Supreme Court of New York, Fourth Department

February 14, 2014

Mark D. Plumley AND TINA A. PLUMLEY, PLAINTIFFS-APPELLANTS,
v.
Erie Boulevard Hydropower, L.P., DEFENDANT-RESPONDENT.

Appeal from an order of the Supreme Court, Oswego County (Norman W. Seiter, Jr., J.), entered September 25, 2012. The order, among other things, dismissed the complaint.

AMDURSKY, PELKY, FENNELL & WALLEN, P.C., OSWEGO (JOHN D. CONNERS OF COUNSEL), FOR PLAINTIFFS-APPELLANTS.

HISCOCK & BARCLAY, LLP, SYRACUSE (JOHN M. NICHOLS OF COUNSEL), FOR DEFENDANT-RESPONDENT.
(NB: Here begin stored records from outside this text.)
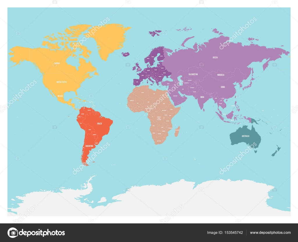 4 色の南極大陸のある世界の詳細な政治地図 ベクター, オーストラリア,。
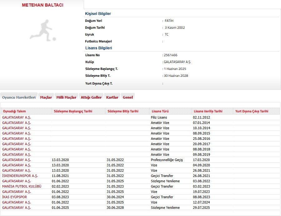 Galatasaray; Abdülkerim Bardakcı ve Kaan Ayhan’ın ardından Metehan Baltacı’nın sözleşmesinin 2028’e kadar uzatıldığını TFF’ye bildirdi.
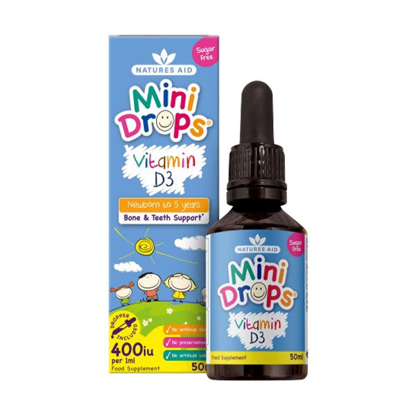 Get the bone and teeth support your newborn needs with Natures Aid Vitamin D3 Drops. Our formula is specially designed for infants and contains the recommended daily dose of Vitamin D3 for optimal development. Help ensure your little one's health with Natures Aid Vitamin D3 Drops.

PRESENT: CENTRA, J.P., FAHEY, LINDLEY, SCONIERS, AND WHALEN, JJ.

It is hereby ORDERED that the order so appealed from is unanimously affirmed without costs.

Memorandum: Plaintiffs appeal from an order that, inter alia, granted that part of defendant's motion seeking to dismiss the complaint on the ground that the action was barred by collateral estoppel (see CPLR 3211 [a] [5]), and on the further ground that, pursuant to CPLR 3211 (c), defendant was entitled to summary judgment because there was no material issue of fact to be tried. We agree with plaintiffs that Supreme Court erred in determining that the action was barred by collateral estoppel. Collateral estoppel "applies only if the issue in the second action is identical to an issue which was raised, necessarily decided and material in the first action, and the plaintiff had a full and fair opportunity to litigate the issue in the earlier action' " (City of New York v Welsbach Elec. Corp., 9 N.Y.3d 124, 128, quoting Parker v Blauvelt Volunteer Fire Co., 93 N.Y.2d 343, 349). We conclude that the primary issue in this action was not previously litigated and decided against plaintiffs in a prior action. We further conclude, however, that the court, in treating defendant's motion as one for summary judgment pursuant to CPLR 3211 (c), properly granted the motion. Defendant met its burden of establishing that it was under no obligation to include plaintiffs in a "global" settlement agreement that defendant reached with other parties situated similarly to plaintiffs. In opposition, plaintiffs established only that they had a "mere agreement to agree" with defendant, which "is unenforceable" (Joseph Martin, Jr., Delicatessen v Schumacher, 52 N.Y.2d 105, 109; see Willmott v Giarraputo, 5 N.Y.2d 250, 253). Thus, it was insufficient to defeat defendant's motion (see generally Zuckerman v City of New York, 49 N.Y.2d 557, 562).